Optionally, the building module is further adapted to:

Optionally, the text processing module is further adapted to:

providing an interface for reporting cases for a user;

Optionally, the prediction module is further adapted to:

Optionally, the risk control module is further adapted to:

According to yet another aspect of embodiments of the present invention, there is also provided a computer-readable storage medium storing computer program code which, when run on a computing device, causes the computing device to perform any of the above described risk control methods.

According to still another aspect of the embodiments of the present invention, there is also provided a computing device including: a processor; a memory storing computer program code; the computer program code, when executed by the processor, causes the computing device to perform any of the risk control methods described above.

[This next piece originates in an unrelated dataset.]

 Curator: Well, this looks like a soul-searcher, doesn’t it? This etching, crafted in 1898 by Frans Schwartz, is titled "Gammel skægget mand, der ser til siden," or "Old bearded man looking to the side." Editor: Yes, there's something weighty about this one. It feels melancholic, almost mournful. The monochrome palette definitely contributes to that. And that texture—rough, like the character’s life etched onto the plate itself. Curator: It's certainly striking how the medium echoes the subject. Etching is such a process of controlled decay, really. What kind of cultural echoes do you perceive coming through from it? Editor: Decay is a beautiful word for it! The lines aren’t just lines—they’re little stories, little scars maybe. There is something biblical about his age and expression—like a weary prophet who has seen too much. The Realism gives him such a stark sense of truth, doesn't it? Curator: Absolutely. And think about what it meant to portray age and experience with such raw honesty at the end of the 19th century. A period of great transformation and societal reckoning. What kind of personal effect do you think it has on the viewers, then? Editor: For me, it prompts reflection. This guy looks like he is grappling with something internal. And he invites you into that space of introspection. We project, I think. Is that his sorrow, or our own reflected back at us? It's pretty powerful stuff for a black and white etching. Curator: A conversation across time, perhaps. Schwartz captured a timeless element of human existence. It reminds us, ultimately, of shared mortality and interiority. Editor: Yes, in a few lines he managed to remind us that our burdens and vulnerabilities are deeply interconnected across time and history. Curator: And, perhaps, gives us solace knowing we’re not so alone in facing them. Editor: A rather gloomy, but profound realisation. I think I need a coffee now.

By means of the technical scheme, the embodiment of the invention predicts the risk of the case report information of the user by utilizing the constructed user risk scoring target model, executes corresponding risk control operation based on the prediction result, can efficiently and accurately identify the authenticity of the case report information of the user, solves the problem of low efficiency caused by manual analysis and induction and extraction of a rule engine in the related technology, and effectively realizes the purpose of risk control.

Furthermore, the user risk scoring target model is constructed based on the multi-dimensional user characteristics and the user risk labels, so that the result of predicting the risk of the report information of the user by utilizing the constructed user risk scoring target model is more comprehensive and accurate, and the model has strong applicability.

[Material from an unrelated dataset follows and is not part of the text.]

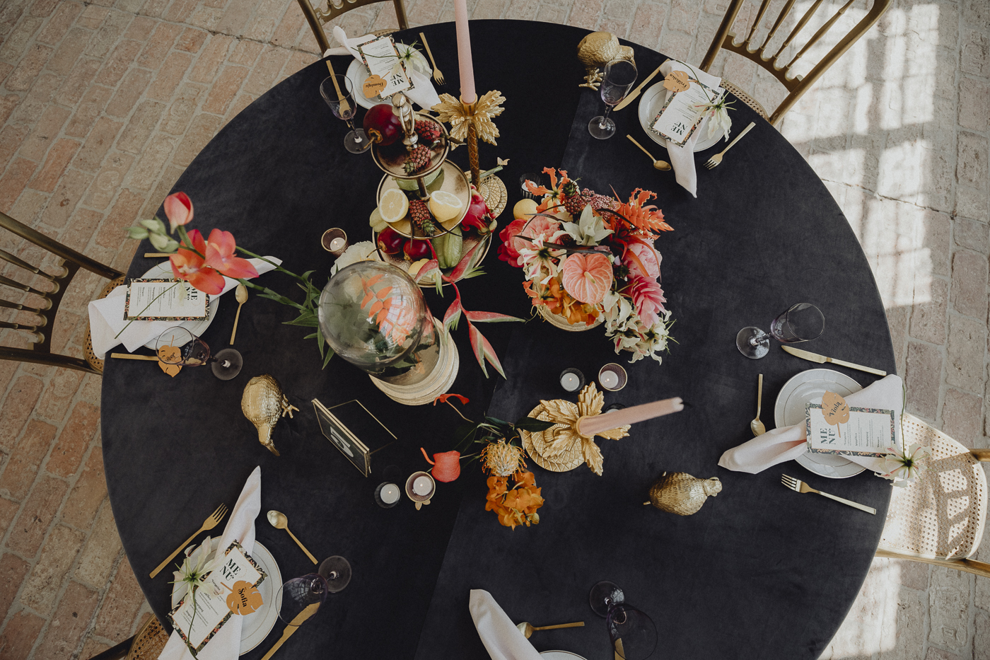 Farbenpracht am Tisch und üppige Dekoration am Traubogen – es ist eine faszinierende Hochzeit im städtischen Dschungel. Was in einem fernen exotischen Land fotografiert sein könnte, liegt in Wahrheit ganz nah. Schloss Hof in Niederösterreich als ausgefallener Rahmen für eine exotische Hochzeits-Inspiration: Blumen, Farben und Muster erinnern uns an ferne Reisen, an eine tropische Flora, die es hier bei uns nicht gibt…

In addition, the embodiment of the invention realizes automatic rule definition and automatic feature weight learning by the structuralization and characterization processing of the user portrait data, thereby greatly simplifying the traditional processing flow based on a rule engine; the traditional wind control purpose based on the rule engine can be realized only by a small amount of professional maintenance, the efficiency of mutual-aid performance audit is accelerated, the probability of default claim payment is reduced, and the healthy and long-term development of mutual-aid insurance is further guaranteed.

The above description is only an overview of the technical solutions of the present invention, and the embodiments of the present invention are described below in order to make the technical means of the present invention more clearly understood and to make the above and other objects, features, and advantages of the present invention more clearly understandable.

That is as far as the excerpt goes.